When the patches are available, you need to update, and likely reboot. Mattias Geniar talks about using the following command to find processes depending on libc, any of which could be running the vulnerable code, these are core processes that you probably cannot just cycle without a reboot [1]. For me the listing looks something like this: agetty, auditd, dbus-daem, dhclient, init, master, mysqld, rsyslogd, sshd, udevd, xinetd. Many of these deal with hostnames, so I would want to be sure everything is clean, and the best option is likely a reboot.
They're only attacking host-lookup, so you just have to worry about people who can connect to your service and are able to control name server response. This means your network services that are internet-accessible. Everything else can wait for a maintenance window for the reboot.
It doesn't have to be internet accessible, AFAIK. If an attacker can get something to do arbitrary DNS lookups, I think it can be attacked. For instance, monitoring/log correlation software might be vulnerable.
This is a good idea in general. However, every version of ssh that I could test (going back to Ubuntu 8.04) uses getaddrinfo() rather than gethostbyname() and is therefore safe.
Just remember that by default lsof prints only first 9 characters of process name, so processes with long names will be cut.
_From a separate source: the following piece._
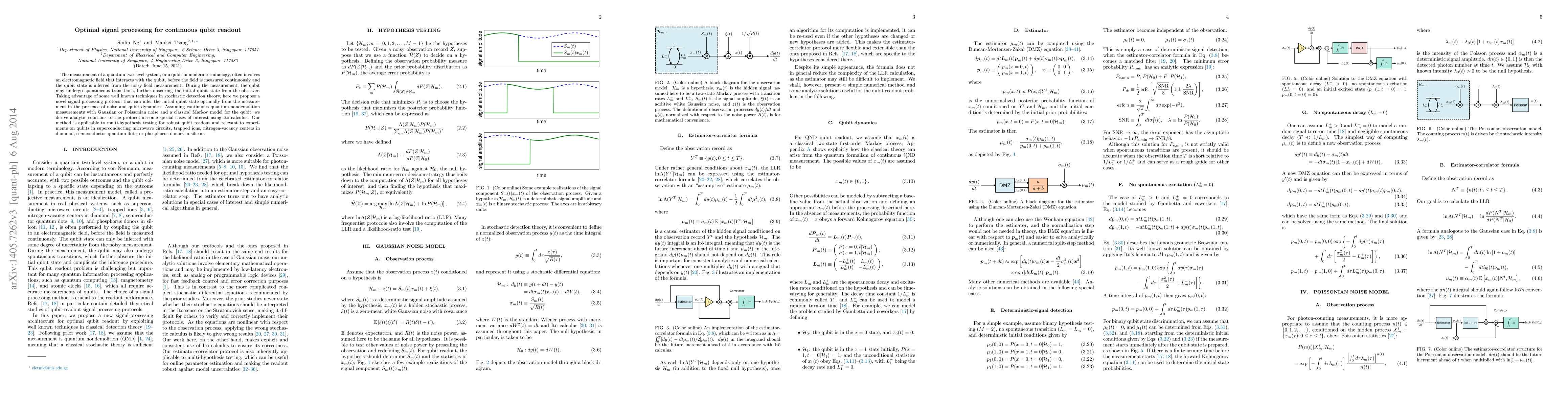 The measurement of a quantum two-level system, or a qubit in modern terminology, often involves an electromagnetic field that interacts with the qubit, before the field is measured continuously and the qubit state is inferred from the noisy field measurement. During the measurement, the qubit may undergo spontaneous transitions, further obscuring the initial qubit state from the observer. Taking advantage of some well known techniques in stochastic detection theory, here we propose a novel signal processing protocol that can infer the initial qubit state optimally from the measurement in the presence of noise and qubit dynamics. Assuming continuous quantum-nondemolition measurements with Gaussian or Poissonian noise and a classical Markov model for the qubit, we derive analytic solutions to the protocol in some special cases of interest using It\={o} calculus. Our method is applicable to multi-hypothesis testing for robust qubit readout and relevant to experiments on qubits in superconducting microwave circuits, trapped ions, nitrogen-vacancy centers in diamond, semiconductor quantum dots, or phosphorus donors in silicon.

You can change how much initial characters lsof prints with +c command, but often kernel does not supply full names for lsof, example limit in my box is 15 characters
That limit is set somewhere in the kernel but it's not clear if lsof is just setting that as a maximum internally or probing somewhere - I used strace -etrace='!close' lsof +c 64 but I couldn't see anything related to the limit.
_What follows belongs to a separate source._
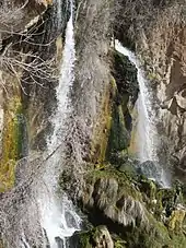 Rifle Falls State Park is a Colorado State Park located in Garfield County northeast of Rifle, Colorado. The central feature of the 48-acre (0.19 km2) park is a triple 70-foot (21 m) waterfall flowing over a travertine dam on East Rifle Creek. Commonly seen wildlife includes mule deer, elk, coyote, and golden-mantled ground squirrel. Rainbow and brown trout can be caught in the creek. Limestone cliffs near the falls have a few small caves and three species of bats. Visitor facilities include campsites, picnic sites and 2.0 miles (3.2 km) of hiking trails.

Thank you, it's not always clear when a reboot is needed after an update. I do it with kernel updates but wouldn't have in this case until I read your comment and ran the command to check.
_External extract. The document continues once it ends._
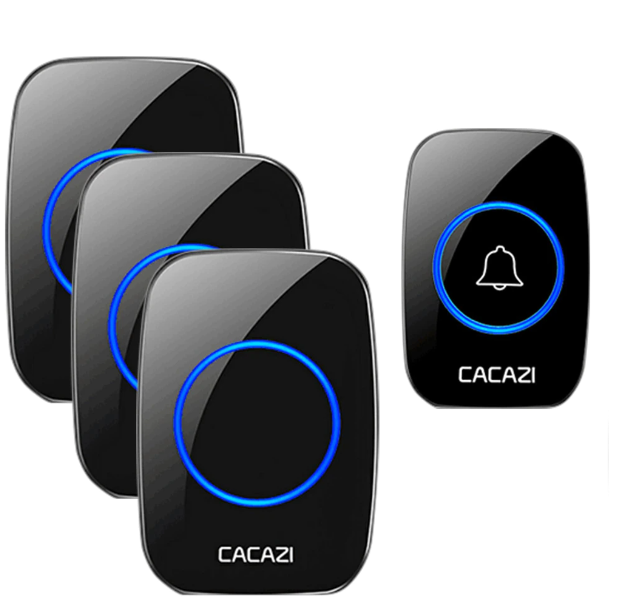 Беспроводной дверной звонок с тремя приемными базами, черный CACAZI A13B интересное:
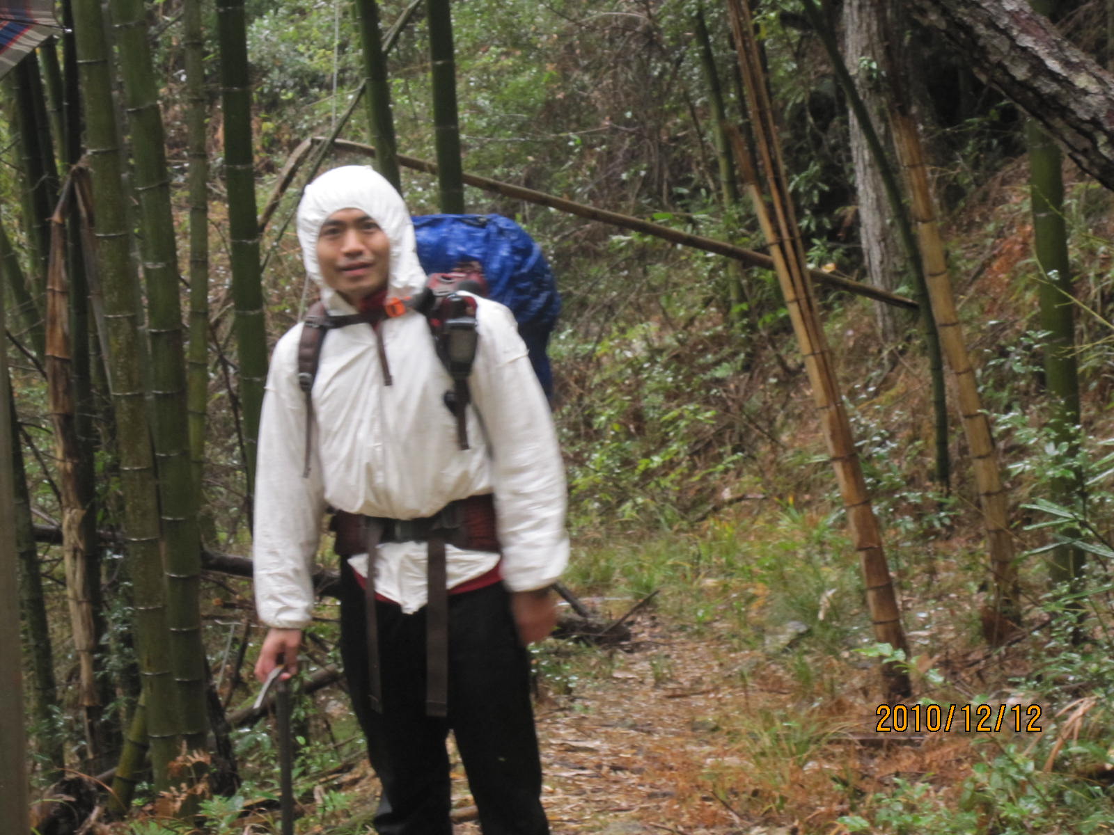 我这次的着装是内穿C3内衣裤,上身以一件薄samrtwool美丽奴羊毛衫为中间层,外穿涤卡龙航海软壳,下雨时再加Tyvek雨衣一件, 下身外套软壳裤子一条,整个活动过程中感觉舒适,动作舒展无摩擦感,下雨时到处湿漉漉的,在车里脱开外套,内衣的汗干得很快,以前我经常喜欢穿排汗能力极强骑行服作为排汗内衣,这个感觉也差不多, 但为了表面光滑,可能损失了外层的蒸发面积,有机会我会再做一下详细的比较

If would be nice if package managers would let us know when this is necessary, I expect that might be a hard thing to get right though.
Yeah, that's a good point, and definitely worth mentioning, but obviously rebooting isn't going to help in that case either. The parent was asking about how they would know if they need to reboot or not.
You're testing what happens when you delete a file for which an open file descriptor exists. On Linux, a shared library will normally be memory-mapped but will not have a corresponding file descriptor. So lsof will show DEL, not (deleted).
I wouldn't normally nitpick about something like this, but if people follow your advice they might incorrectly think they don't need to reboot.